(Problem to solve):
What you give back from the listing below should be an exact copy of the lines from the one with "Every shed-row barn" down to the one with "Логический элемент НЕ", and it should contain no pictures.

(Data for this exercise):
# # #
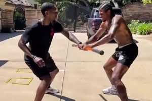 聊啥呢?杨瀚森场边和阿夫迪亚有说有笑 还靠了下对方的肩膀
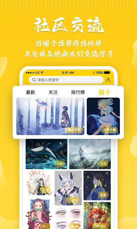 为绘画爱好者提供创作分享交流平台,用户还可以选择不同主题圈子,更精确地找到同好进行探讨学习和欣赏全球各地名画师优秀画作;
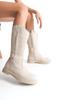 Moderne, stilvolle Mode-Stiefel für Damen, Kunstleder, hellbraun, matt, bestickter Reißverschluss, Western-Cowboystiefel
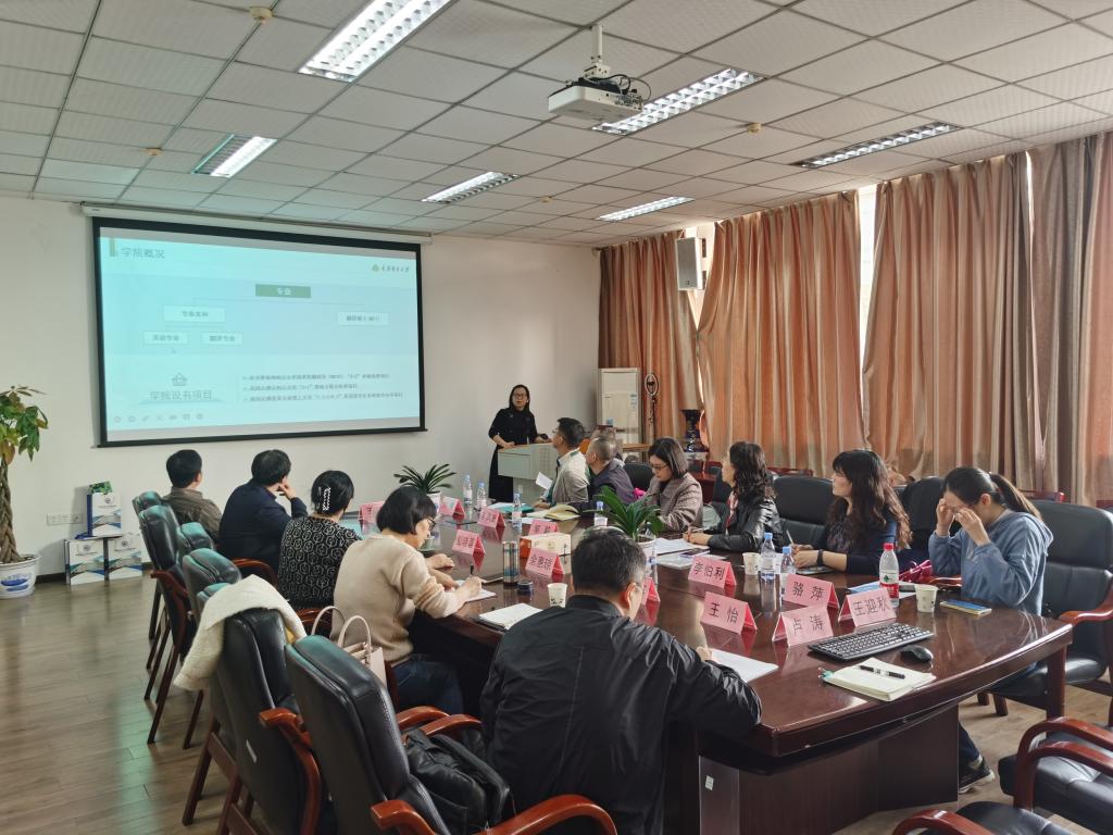 在调研活动中,刘世英院长首先从办学定位、办学特色、课程体系三个方面全面介绍了该院翻译硕士学位点建设的基本情况。然后,双方参加调研座谈的人员围绕英语学科建设和翻译硕士学位点的特色方向打造、师资队伍建设、实习基地培育、培养质量管控等议题展开了热烈和深入的讨论,并且达成了教学和师资资源共享等共识。
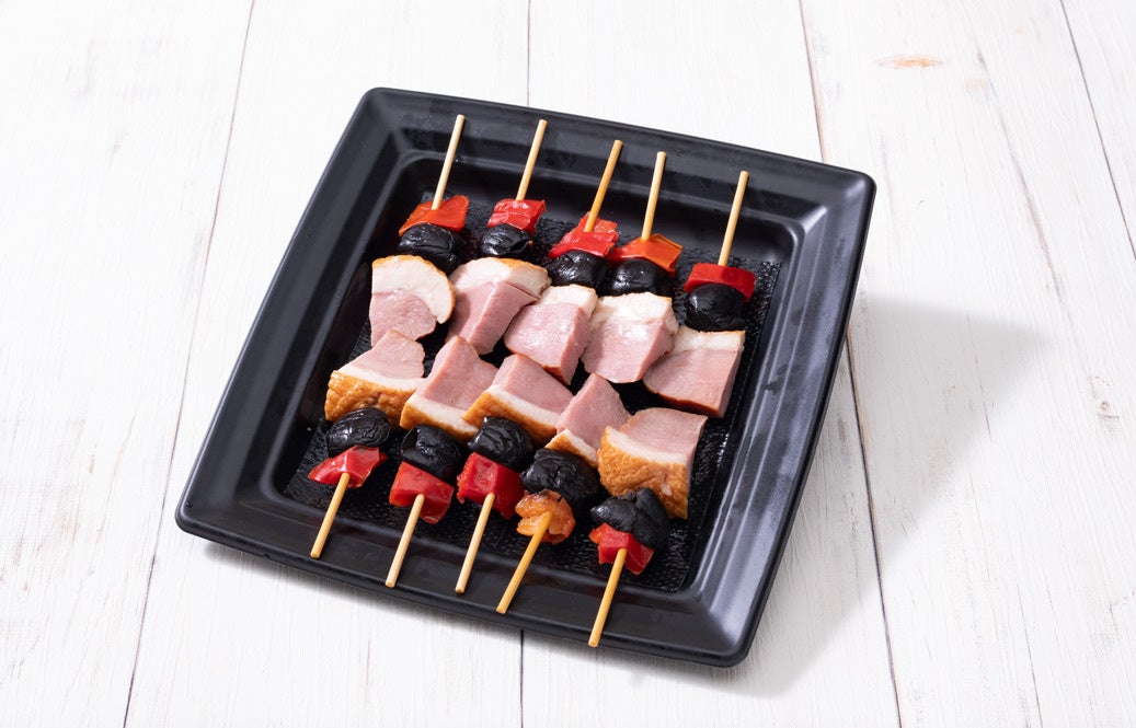 合鴨スモークとオリーブと赤ピーマンのピンチョス
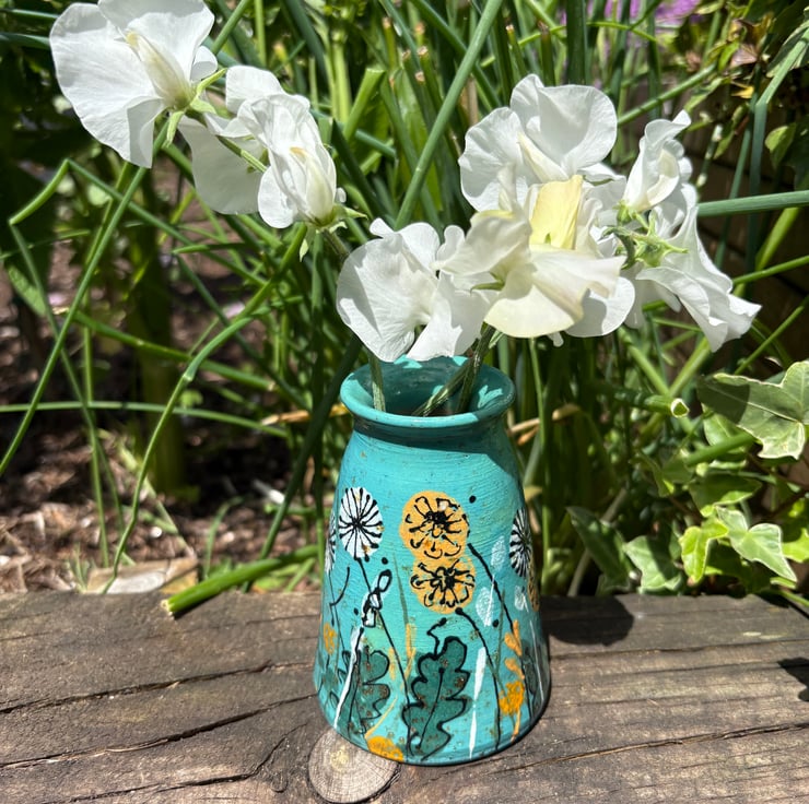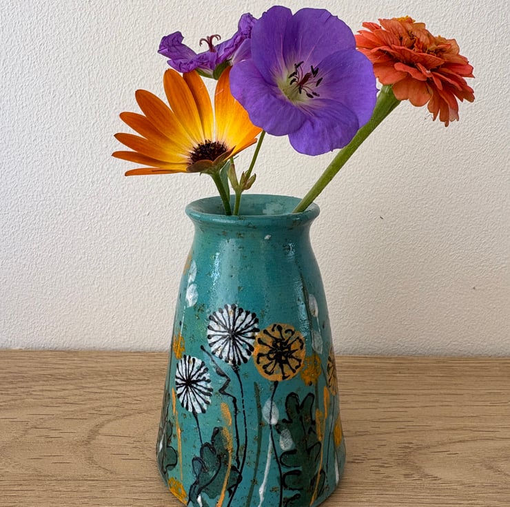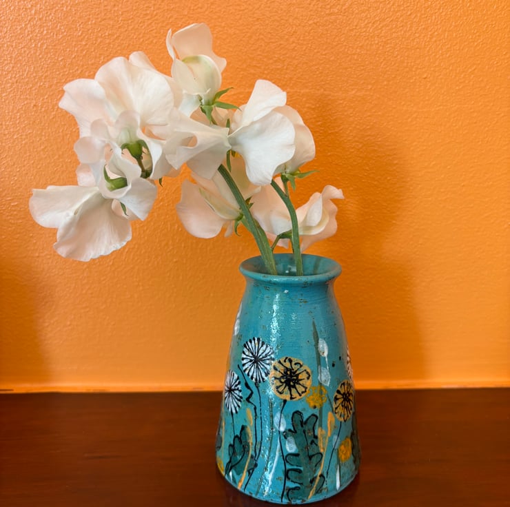 This design is inspired by No-Mow May and the wonderful dandelions that appear in the grass. I threw the vase on my potter's wheel in my studio at the bottom of the garden. The clay is a speckled clay which adds variety to the finish. I've used a sponge and the side of a credit card to make marks and then a needle end on a slip trailer to sketch outlines with underglaze. Finally the vase has been coated with a transparent shiny glaze and fired at 1200 degrees!
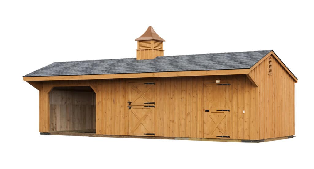 Every shed-row barn is custom-configured to your needs. Stall sizes can be 10×10, 10×12, 12×12, or custom dimensions. Mix and match stall sizes in the same barn—larger foaling stalls, standard riding horse stalls, and pony stalls all in one structure. We design the layout that works for your specific horses and operation.
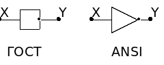 Логический элемент НЕ инвертирует поступающий на вход сигнал Х, другими словами, заменяет сигнал X на сигнал
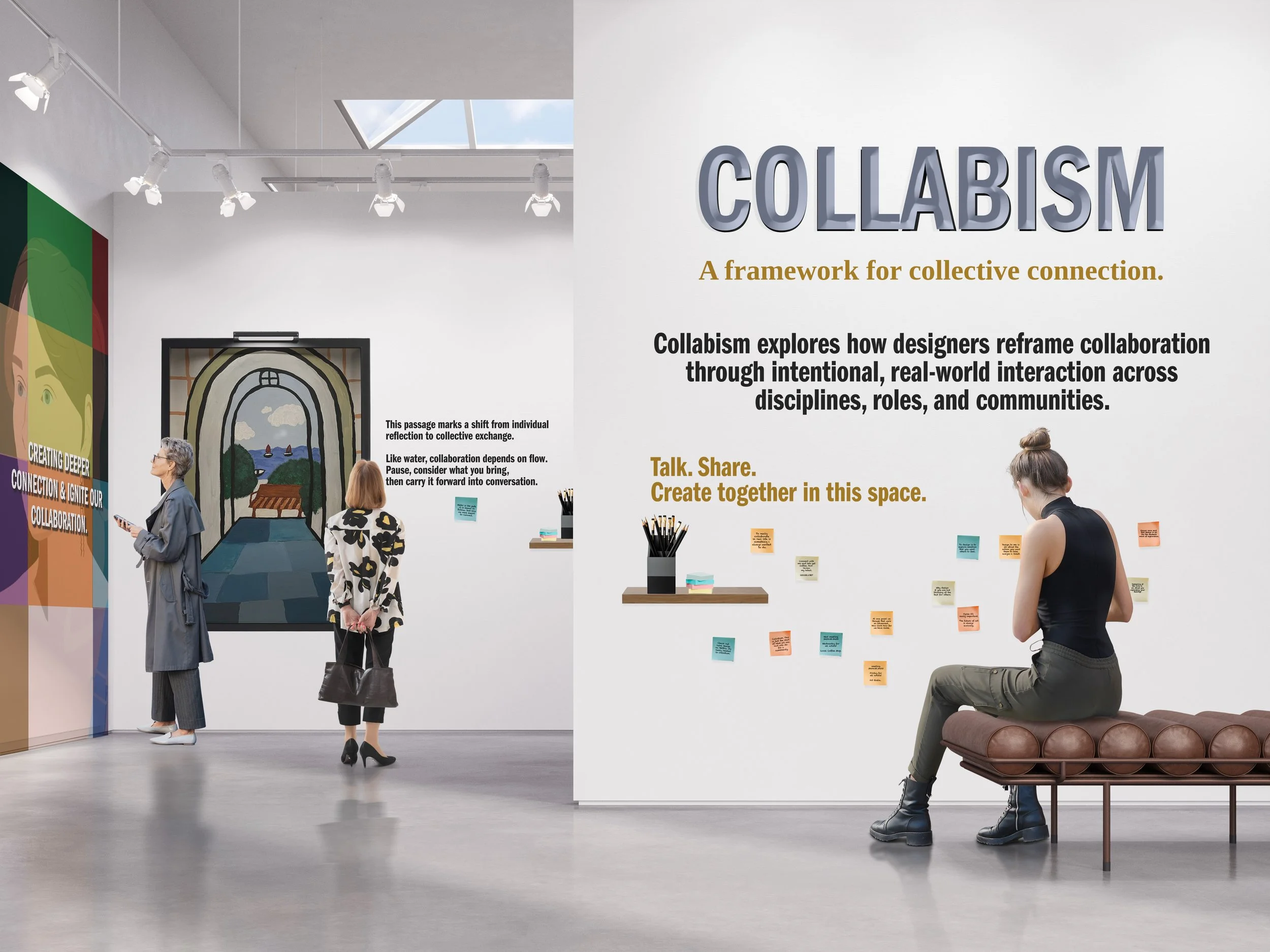 Collaborative Design Language: Develops a visual system centered on dialogue, layered typography, shared authorship, and spatial pacing, reinforcing the idea that creation is collective rather than individual.
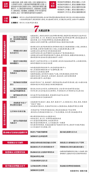 城市是复杂的有机生命体。围绕城市高质量发展的主要目标,意见部署了优化现代化城市体系、培育壮大城市发展新动能、营造高品质城市生活空间、推动城市发展绿色低碳转型、增强城市安全韧性、促进城市文化繁荣发展、提升城市治理能力水平等重点任务。
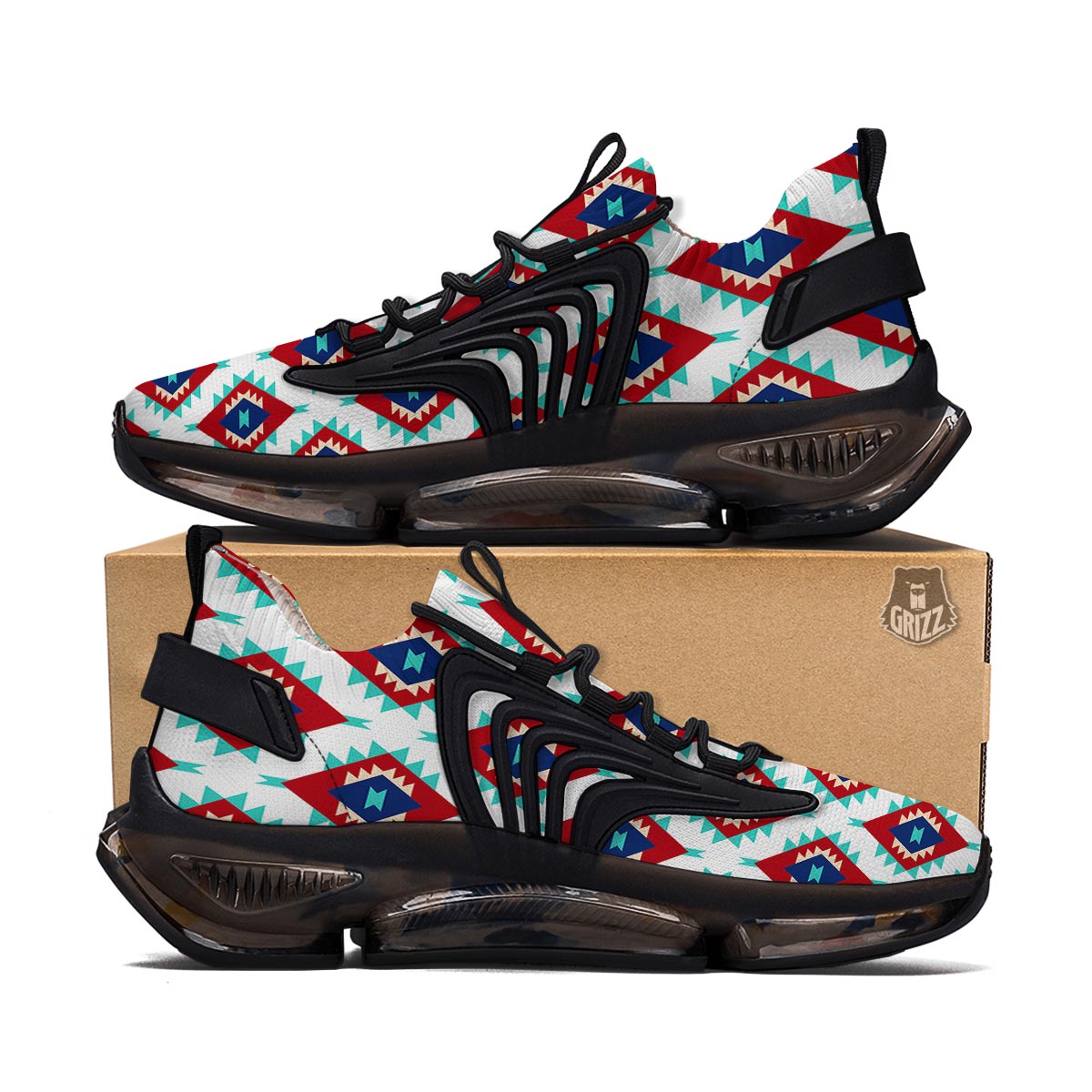 Southwestern Teal And Red Print Pattern Black Gym Shoes
# # #
(Worked solution):
 Every shed-row barn is custom-configured to your needs. Stall sizes can be 10×10, 10×12, 12×12, or custom dimensions. Mix and match stall sizes in the same barn—larger foaling stalls, standard riding horse stalls, and pony stalls all in one structure. We design the layout that works for your specific horses and operation.
 Логический элемент НЕ инвертирует поступающий на вход сигнал Х, другими словами, заменяет сигнал X на сигнал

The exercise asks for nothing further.